We next prove that $\mbox{Tester}_{\cal T}$ is $(\varepsilon,\delta(1+e^{\varepsilon}))$ -differentially oblivious using Lemma 2.5, that is we prove that for every graph $G$ , the statistical distance between $\mbox{Tester}_{\cal T}(G)$ and $\mbox{\sc Tester}^{\prime}_{\cal T}(G)$ is at most $\delta$ . Let $E$ be the event that $\hat{T}>4T$ and observe that the probability $E$ occurs is at most $\delta$ .666 $\Pr[\mathrm{Lap}(\frac{1}{\varepsilon})\geq t/\varepsilon]=\frac{1}{2}e^{-t}$ for every $t>0$ . Thus, $\Pr[E]=\Pr[\mathrm{Lap}(\frac{1}{\varepsilon})\geq\frac{\ln(1/2\delta)}{\varepsilon}]=\delta$ . We have that $\Big{|}\Pr[\mbox{Tester}_{\cal T}(G)=1]-\Pr[\mbox{\sc Tester}^{\prime}_{\cal T}(G)=1]\Big{|}\leq\Big{|}\Pr[\mbox{Tester}_{\cal T}(G)=1|E]-\Pr[\mbox{\sc Tester}^{\prime}_{\cal T}(G)=1|E]\Big{|}\Pr[E]\leq\Pr[E]\leq\delta$ . Thus, by Lemma 2.5, algorithm $\mbox{Tester}_{\cal T}$ is $(\varepsilon,\delta(1+e^{\varepsilon}))$ -differentially oblivious. ∎

Observe that Algorithm $\mbox{Tester}_{\cal T}$ never errs when $G\in{\cal P}$ as in that case after the for loop is executed $c=4T$ and hence in Step 4 $\mbox{Tester}_{\cal T}$ outputs $1$ . The next lemma analyses the error probability when $G$ is $\gamma^{\prime}$ -far from ${\cal P}$ .

Lemma A.2.

Algorithm $\mbox{Tester}_{\cal T}$ is $(1-\delta-(2\delta)^{\frac{1}{3\varepsilon}},\gamma^{\prime})$ -tester for the graph property ${\cal P}$ .

Proof.

Observe that on Step 2c of the algorithm, we are eliminating at most $n\cdot c_{\beta,\gamma}$ edges.
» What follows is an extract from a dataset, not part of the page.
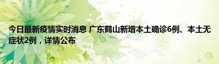 今日最新疫情实时消息 广东鹤山新增本土确诊6例、本土无症状2例,详情公布

Thus, we are eliminating at most $4Tnc_{\beta,\gamma}$ edges in total. Then, when $G$ is $\gamma^{\prime}$ -far from ${\cal P}$ , it is also $\gamma$ -far from ${\cal P}$ after the removal of the observed nodes in each step of the for loop. We next prove that Algorithm $\mbox{Tester}_{\cal T}$ fails with probability at most $2\delta^{\frac{1}{3\varepsilon}}$ . Observe that if Algorithm $\mbox{Tester}_{\cal T}$ fails on $G$ then $c\geq 2T$ or $\mathrm{Lap}(\frac{1}{\varepsilon})\leq-T$ . We define $Z_{i}$ to be output of ${\cal T}(G)$ in the $i$ -th step of the for loop. Let $Z=\sum_{i}{Z_{i}}$ . Observe that all $Z_{i}$ are independent and $\mathbb{E}[Z]\leq T$ . Using the Chernoff Bounds777 $\Pr[Z\geq(1+\eta)\mu]\leq e^{-\eta^{2}\mu/(2+\eta)}$ for any $\eta>0$ where $\mu$ is the expectation of $Z$ ., we obtain that $\Pr[Z\geq 2T]\leq e^{-T/3}=(2\delta)^{\frac{1}{3\varepsilon}}$ . We also know $\Pr[\mathrm{Lap}(\frac{1}{\varepsilon})\leq-\frac{\ln(1/2\delta)}{\varepsilon}]=0.5e^{-\ln(1/2\delta)}=\delta$ . Therefore, Algorithm $\mbox{Tester}_{\cal T}$ fails with probability $\delta+(2\delta)^{\frac{1}{3\varepsilon}}$ . ∎

A.3 Proof of the Correctness and Privacy of Algorithm $\mbox{\sc Locate}_{\cal P}$

The proof of Theorem 5.1 follows from the following claim and lemmas.

Claim A.3.

Let $\ell\geq\log n/\log\log n$ . The probability that there exists an element $j\in[n]$ such that algorithm $\mbox{Locate}_{\cal P}$ samples the element $j$ in Step 2a more than $2\ell$ times is less that $2^{-\ell}.$

Proof.

Fix an index $j$ . The probability that the element $j$ is sampled more than $2\ell$ times is less than $\binom{n/2}{2\ell}\frac{1}{n^{2\ell}}\leq\left(\frac{en}{4\ell}\right)^{2\ell}\frac{1}{n^{2\ell}}<\ell^{-2\ell}<2^{-2\log n+2}<2^{2-\ell}/n.$ The claim follows by the union bound. ∎

Lemma A.4.

Let $\delta<1/n$ . Algorithm $\mbox{Locate}_{\cal P}$ is $(\varepsilon,\delta(1+e^{\varepsilon}))$ -differentially oblivious.

Proof.

We first analyze a variant of $\mbox{Locate}_{\cal P}$ , denoted by $\mbox{\sc Locate}^{\prime}_{\cal P}$ , in which Step 2(c)ii is replaced by “If $c>\hat{T}$ then output $1$ ” (that is, the algorithm does not check if $\hat{T}>0$ ) and no element is sampled more than $2\log(2/\delta)$ times. We analyze the privacy of $\mbox{\sc Locate}^{\prime}_{\cal P}(\mathbf{x}^{\prime})$ similarly to the analysis of the sparse vector mechanism in [18].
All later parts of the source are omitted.